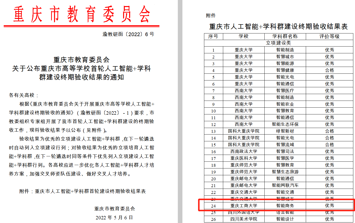 2022年5月6日,重庆市教育委员会公布了重庆市高等学校首轮人工智能+学科群建设终期验收结果,万象城官网牵头建设的“智能商务”学科群验收结果荣获优秀,这表明万象城官网“智能商务”学科群将在下一轮遴选时,自动进入立项建设行列。
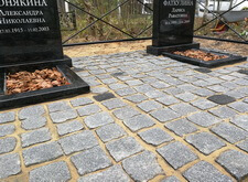 После создания основания мы покрыли территорию места захоронения гранитной брусчаткой,
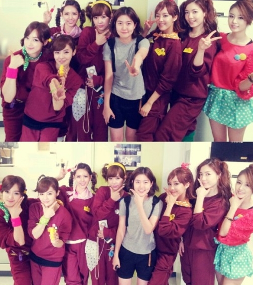 이날 심은경은 MBC TV ‘쇼 음악중심’의 티아라 대기실을 방문했다. 사진 속 티아라는 붉은색 체육복을 입고 있고 심은경은 수수한 차림을 하고 있다.
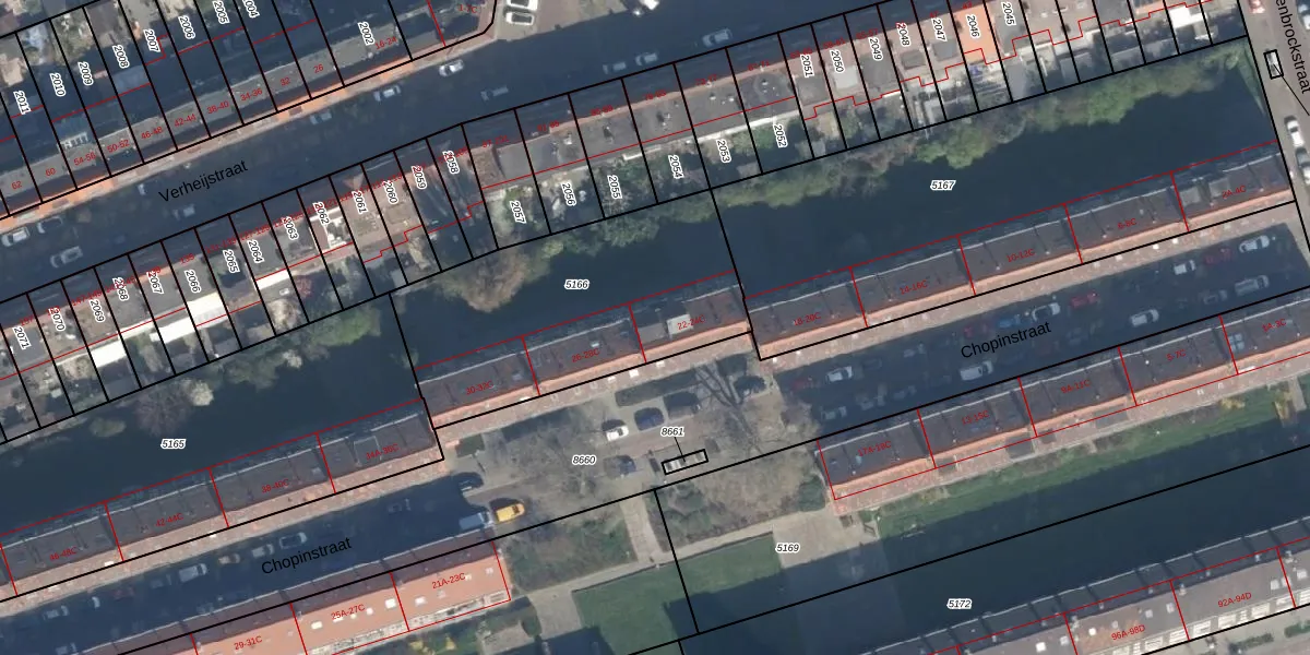 Chopinstraat 24-C is gelegen op kadastraal perceel VDG00D5166. Deze kadastrale aanduiding is uniek en wordt gebruikt door het Kadaster om eigendomsrechten en andere zakelijke rechten vast te leggen. Het perceel maakt onderdeel uit van de kadastrale gemeente Vlaardingen.

**TASK TO COMPLETE**:
Once the pictures have been removed, reproduce each line of the material above exactly.

**EXPECTED ANSWER**:
 2022年5月6日,重庆市教育委员会公布了重庆市高等学校首轮人工智能+学科群建设终期验收结果,万象城官网牵头建设的“智能商务”学科群验收结果荣获优秀,这表明万象城官网“智能商务”学科群将在下一轮遴选时,自动进入立项建设行列。
 После создания основания мы покрыли территорию места захоронения гранитной брусчаткой,
 이날 심은경은 MBC TV ‘쇼 음악중심’의 티아라 대기실을 방문했다. 사진 속 티아라는 붉은색 체육복을 입고 있고 심은경은 수수한 차림을 하고 있다.
 Chopinstraat 24-C is gelegen op kadastraal perceel VDG00D5166. Deze kadastrale aanduiding is uniek en wordt gebruikt door het Kadaster om eigendomsrechten en andere zakelijke rechten vast te leggen. Het perceel maakt onderdeel uit van de kadastrale gemeente Vlaardingen.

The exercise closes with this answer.